Anomaly Detection: We plan to identify and analyze any unusual data points or trends, which could indicate significant pandemic events or turning points.
Interactive Visualization with Shiny:
To make our analysis more interactive and user-friendly, we will utilize the shiny package in R to develop a web application. This application will allow users to dynamically interact with the data through filters such as year, country name, and regions. Users can select specific parameters to refine the visualizations, providing a customized view that can highlight trends and patterns of interest within the global scope of the COVID-19 pandemic.
This dynamic approach will enable users to explore the data in a more granular and personalized manner, enhancing the analytical value of the visualizations.
For the second question:
Dataset Utilization: We will employ the usa_county_wise_data
dataset, which is rich in localized COVID-19 data for the United States, encompassing each county’s case and vaccination figures. And vaccination
dataset provides the details of vaccian all over the world.

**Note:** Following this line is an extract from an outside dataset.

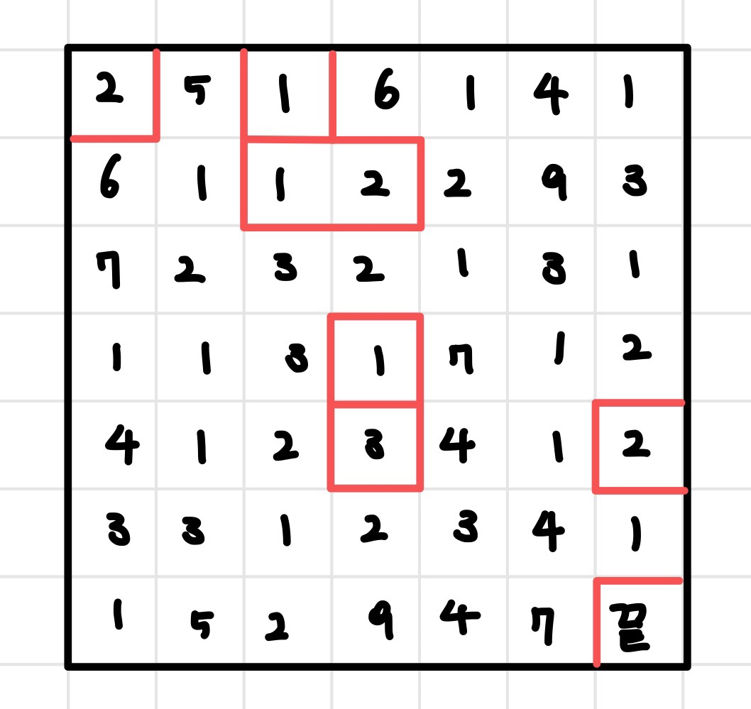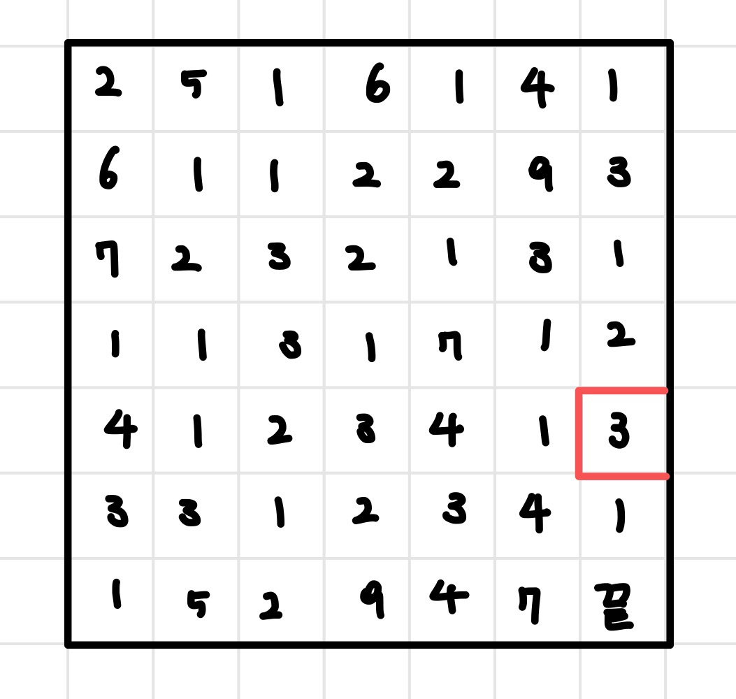 (3) 이때 각 칸에 적혀 있는 숫자만큼 아래쪽이나 오른쪽으로 이동할 수 있으며, 중간에 게임판 밖으로 벗어나면 안 된다.

Primary Focus: We aim to analyze and visualize how COVID-19 cases and vaccination rates have evolved over time across U.S. counties and globally, identifying patterns and correlations.
Visualizations
Choropleth Maps: We will craft choropleth maps to visually represent the density or intensity of COVID-19 cases and vaccination rates across U.S. counties. This will enable a straightforward interpretation of regional variances and trends.

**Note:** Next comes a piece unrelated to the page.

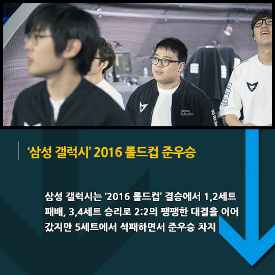 삼성 갤럭시는 '2016 롤드컵' 결승에서 1,2세트 패배, 3,4세트 승리로 2:2의 팽팽한 대결을 이어갔지만 5세트에서 석패하면서 준우승 차지

Bubble Maps: To enhance our spatial analysis, bubble maps will be constructed where each bubble’s size indicates either the number of cases or vaccination rates in counties, offering a dual perspective on the pandemic’s magnitude and the vaccination effort.

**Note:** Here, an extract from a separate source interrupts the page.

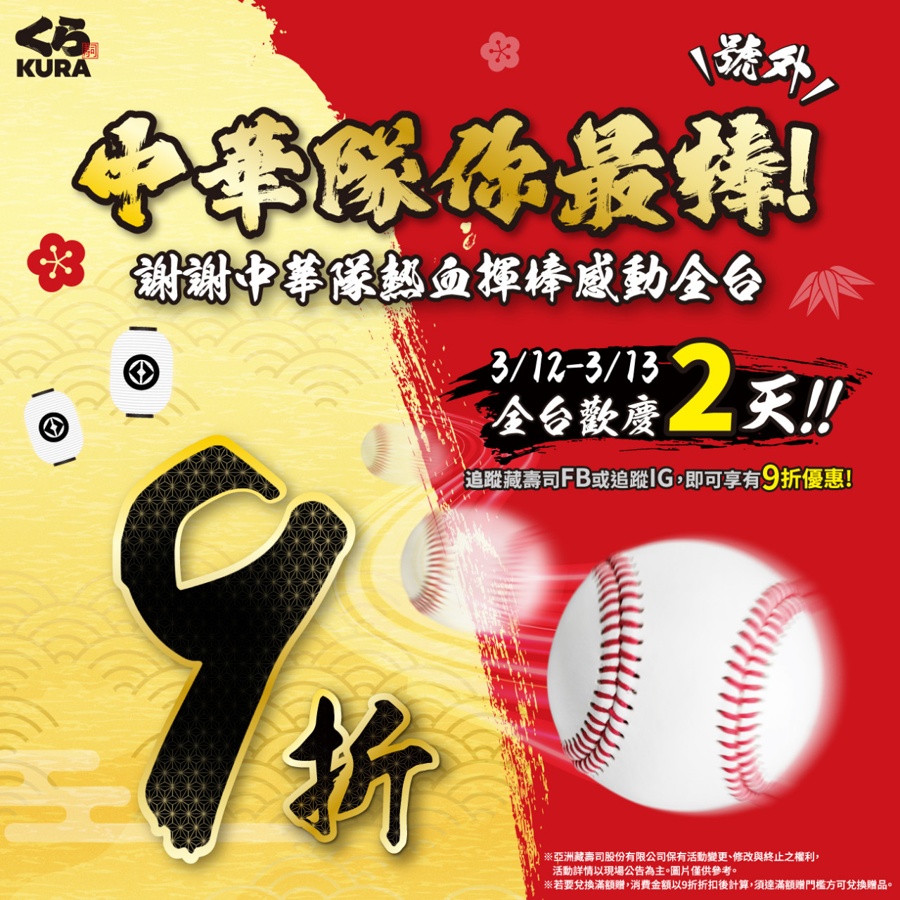 為感謝台灣隊打出動人的戰役,凡於3/12、3/13至全台藏壽司門市用餐,於結帳時出示「追蹤藏壽司FB或追蹤IG」的手機畫面,用餐不限金額享9折優惠。

Time-Lapse Visualizations: Implementing time-lapse maps will allow us to observe and analyze the progression of the pandemic and vaccination rollout over time, providing dynamic insights into how the situation has evolved across different regions.
Plan of Action
Task Name | Status | Assignee | Due | Priority | Summary |
---|---|---|---|---|---|
Proposal Description | Completed | Rajitha Reddy, Omid Zandi | 03 Apr 2024 | Moderate | Concise summary outlining the main idea of a proposal |
Dataset | Completed | Devendran Vemula , Gowtham GopalaKrishnan | 03 Apr 2024 | Moderate | Uploading and Loading the Dataset |
Questions | Completed | Everyone | 03 Apr 2024 | Moderate | Team consolidates findings to generate comprehensive questions aimed at exploring deeper insights |
Analysis for Question 1 | Completed | Devendran Vemula , G Sai Laasya , Rajitha Reddy | 03 Apr 2024 | Moderate | The team works together to analyze the data, combining their skills and viewpoints to gain a thorough understanding of the information. |
Analysis for Question 2 | Completed | Mrunali Yadav, Omid Zandi, Gowtham GopalaKrishnan | 03 Apr 2024 | Moderate | The team conducts analysis for the project through a collaborative approach, utilizing various analytical methods, tools, and expertise to thoroughly examine the data and derive meaningful insights. |
TimeLine and Work Flow | Completed | G Sai Laasya Mrunali Yadav | 03 Apr 2024 | Moderate | The work flow of the project |
Proposal Peer Review | Completed | Everyone | 03 Apr 2024 | Moderate | Reviewing Other Teams |
Working on the Bubble Map | Completed | G Sai Laasya, Rajitha Reddy | 06 Apr 2024 | Moderate | Making a bubble map on the COVID dataset |
Spatial Map | Completed | Omid Zandi | 10 Apr 2024 | Moderate | Creating the spatial maps for the number of cases |
Time Lapse Visualization | Completed | Devendran Vemula | 12 Apr 2024 | Moderate | The progress on the COVID cases or Vaccination |
Working on the Index.qmd file | Incomplete | G Sai Laasya, Rajitha Reddy, Mrunali Yadav | 15 Apr 2024 | High | Writing the analysis, summary part |
Adding aesthethics to ShinyApp | Incomplete | Devendran Vemula, Omid Zandi | 17 Apr 2024 | Moderate | Adding the aesthethics |
Presnetation | Incomplete | Devendran Vemula, Gowtham GopalaKrishnan | 20 Apr 2024 | High | Creating the presentation |
Repo Organization
The following folders comprise the project repository
- .github/: This folder contains GitHub-related assets such as action workflows and issue templates, which are used to automate tasks and standardize the issue-reporting process.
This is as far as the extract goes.